Azure Automanage のマシン構成機能の概要

注意

Azure Policy ゲスト構成は、Azure Automanage マシン構成と呼ばれるようになりました。 Microsoft 構成管理サービスの最近の名前変更の詳細を確認してください。

Azure Policy のマシン構成機能を使用すると、Azure で実行されているコンピューターとハイブリッド Arc 対応のコンピューターの両方で、オペレーティングシステムの設定をコードとして監査または構成することができます。 この機能は、コンピューターごとに直接使用することも、Azure Policy によって調整することもできます。

Azure の構成リソースは、拡張リソースとして設計されています。 各構成は、コンピューターのプロパティの追加のセットと考えることができます。 構成には、次のような設定を含めることができます。

  • オペレーティング システムの設定
  • アプリケーションの構成または存在
  • 環境設定

構成は、ポリシー定義とは別です。 マシン構成では Azure Policy を利用して、構成をコンピューターに動的に割り当てます。 手動で、あるいは Automanage など他の Azure サービスを利用して、コンピューターに設定を割り当てることもできます。

各シナリオの例を次の表に示します。

説明 ストーリーの例
構成管理 ソース管理のコードとして、サーバーの完全な表現が必要です。 展開には、サーバーのプロパティ (サイズ、ネットワーク、記憶域) とオペレーティングシステムとアプリケーションの設定の構成が含まれている必要があります。 "このコンピューターは、web サイトをホストするように構成された web サーバーである必要があります。"
コンプライアンス スコープ内のすべてのコンピューターの設定を、既存のコンピューターにリアクティブに適用するか、展開時に新しいコンピューターに事前に展開することをお勧めします。 "すべてのコンピューターは TLS 1.2 を使用する必要があります。 既存のマシンを監査して、必要に応じて大規模な変更を行うことができます。 新しいコンピューターの場合は、展開時に設定を適用します。

構成による設定の結果は、[ ゲストの割り当て] ページ で確認できます。または、構成が Azure Policy 割り当てによって調整されている場合は、[ 対応の詳細] ページの [最後に評価されたリソース] リンクをクリックすると表示されます。

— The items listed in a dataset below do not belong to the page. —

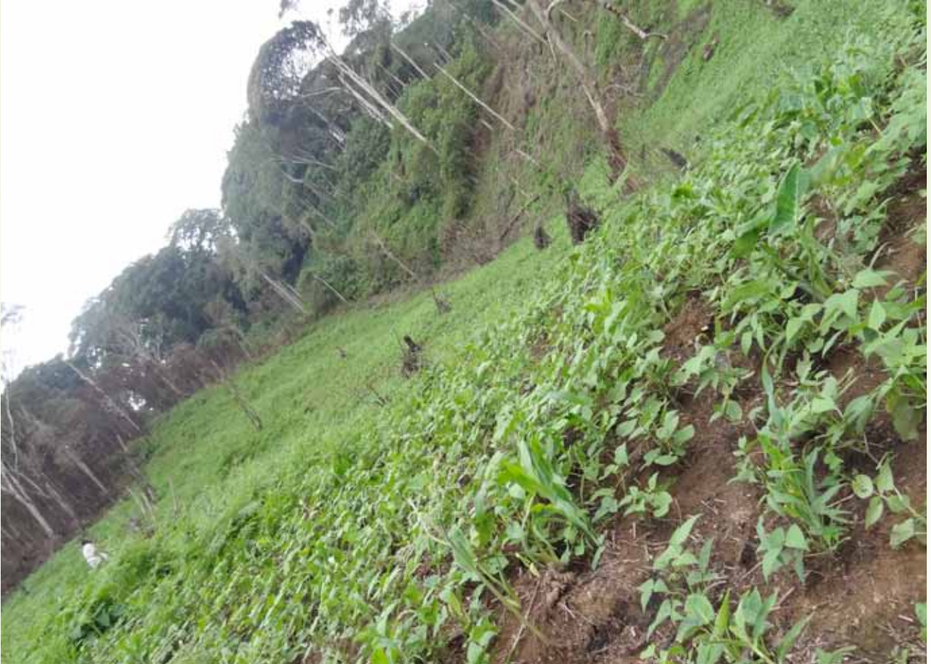
Shamba la maharage lililopo ndani ya Msitu wa Hifadhi ya Mazingira Asilia ya Mkingu

2014 hadi Septemba 2015 Msitu wa mazingira asilia ya Mkingu umeweza kupoteza hekta 90 ambayo ni sawa na 0.6% ya uharibifu wa msitu kwa mwaka.
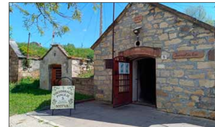
Viktor Bácsi Pincéje hűen őrzi a régi pincésori hangulatot
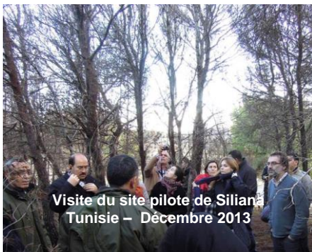
Visite du site pilote de Siliana Tunisie – Décembre 2013

Le dernier arrêt était au cœur du massif forestier de Siliana, qui couvre une surface d'environ 140 000 hectares et comprend essentiellement des Pin d'Alep, du maquis et des garrigues, ainsi que du Romarin.
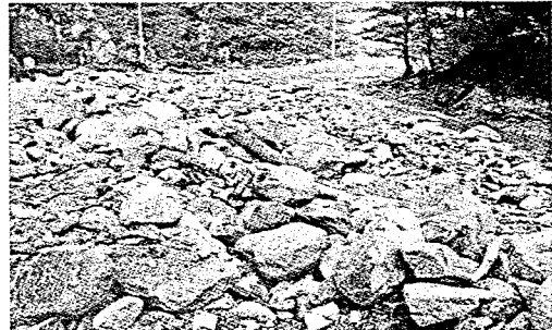
写真-2. 土石流の流出状況

このドキュメントのビデオ チュートリアルを利用できます。 (近日公開予定)

マシン構成を有効にする

環境内のマシン (Azure 内のマシンと Arc 対応サーバーを含む) の状態を管理するには、以下の詳細を確認します。

リソース プロバイダー

Azure Policy のマシン構成機能を使用するには、その前に、Microsoft.GuestConfiguration リソース プロバイダーを登録する必要があります。 マシン構成ポリシーの割り当てがポータルを通じて行われた場合、またはサブスクリプションが Microsoft Defender for Cloud に登録されている場合は、リソース プロバイダーが自動的に登録されます。 ポータルAzure PowerShell、または Azure CLI を使用して手動で登録できます。

Azure 仮想マシンの要件をデプロイする

マシン内の設定を管理するには、仮想マシン拡張機能を有効にします。また、マシンにはシステム マネージド ID が必要です。 拡張機能によって、適用可能なマシン構成割り当てと、対応する依存関係がダウンロードされます。 ID は、マシンによるマシン構成サービスの読み取りと書き込みを認証するために使用されます。 この拡張機能は Arc 接続マシン エージェントに含まれているため、Arc 対応サーバーには必要ありません。

重要

Azure 仮想マシンを管理するには、マシン構成拡張機能とマネージド ID が必要です。

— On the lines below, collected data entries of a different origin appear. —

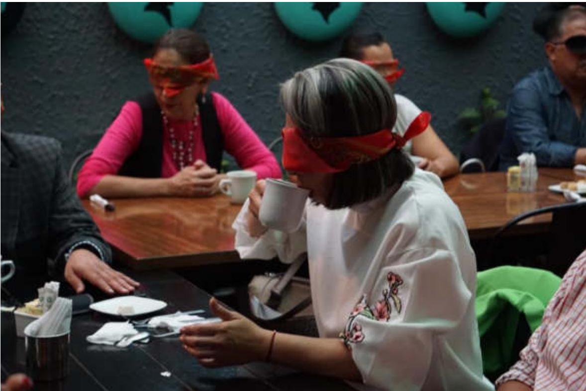
18 DE JULIO 2019. ACTIVIDAD PARA COMPRENDER LAS DIFICULTADES A LAS QUE SE ENFRENTAN LAS PERSONAS QUE SON DEBILES VISUALES.
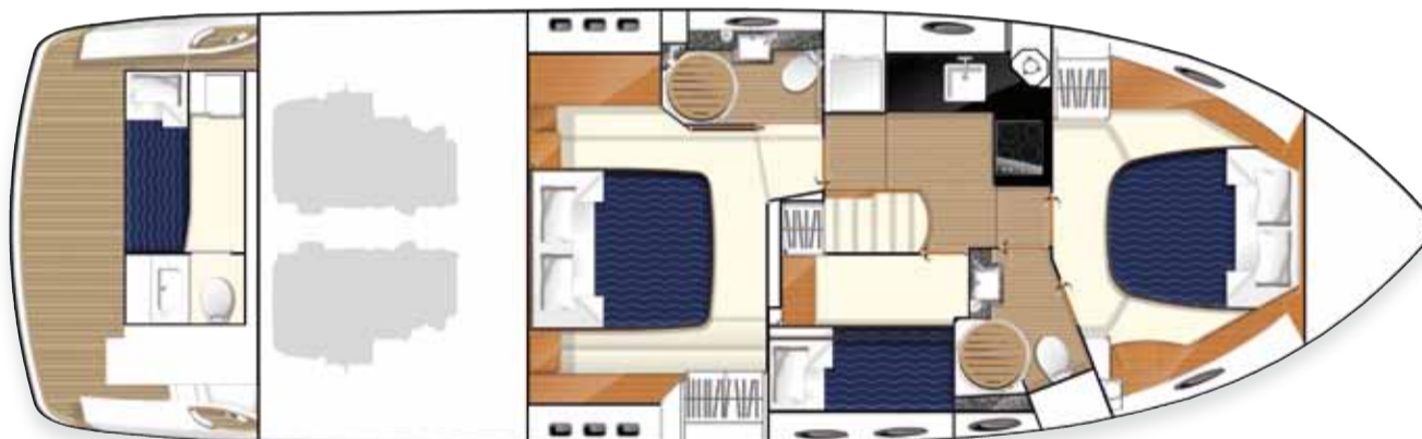
Layout des unteren Unterkunftsbereichs
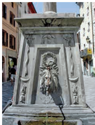
La Croix-de-Ville. Fianco meridionale.

多くのマシンに拡張機能を大規模にデプロイするには、ポリシー イニシアティブ を割り当てますDeploy prerequisites to enable machine configuration policies on virtual machines対象は、管理しようとしているマシンが含まれる管理グループ、サブスクリプション、またはリソース グループです。

拡張機能とマネージド ID を 1 台のマシンにデプロイしたい場合は、それぞれのガイダンスに従ってください。

構成を適用するマシン構成パッケージを使用するには、Azure VM ゲスト構成拡張機能のバージョン 1.29.24 以降が必要です。

拡張機能に設定されている制限

マシン内で実行されているアプリケーションへの拡張機能の影響を制限するため、マシン構成エージェントが CPU の 5% を超えることは許可されません。 この制限は、組み込み定義とカスタム定義の両方に存在します。 これは、Arc 接続マシン エージェントのマシン構成サービスにも当てはまります。

検証ツール

マシン内では、マシン構成エージェントによりローカル ツールを使用してタスクが実行されます。

次の表では、サポートされている各オペレーティング システム上で使用されるローカル ツールの一覧を示します。 組み込みコンテンツの場合は、マシン構成によってこれらのツールの読み込みが自動的に処理されます。

オペレーティング システム 検証ツール Notes
Windows PowerShell Desired State Configuration v3 Azure Policy でのみ使用されるフォルダーにサイドローディングされます。 Windows PowerShell DSC と競合しません。 PowerShell Core はシステム パスに追加されません。
Linux PowerShell Desired State Configuration v3 Azure Policy でのみ使用されるフォルダーにサイドローディングされます。 PowerShell Core はシステム パスに追加されません。
Linux Chef InSpec Chef InSpec バージョン 2.2.61 が既定の場所にインストールされ、システム パスに追加されます。 Ruby と Python を含む InSpec パッケージの依存関係もインストールされます。

検証の頻度

マシン構成エージェントによって、新しい、または変更されたゲスト割り当てが、5 分ごとにチェックされます。 ゲスト割り当てを受信すると、その構成の設定が 15 分間隔でチェックされます。 複数の構成が割り当てられている場合は、1 つずつ順番に評価されます。 前の構成が完了するまで、次の構成は実行されないため、実行時間の長い構成は、すべての構成の間隔に影響します。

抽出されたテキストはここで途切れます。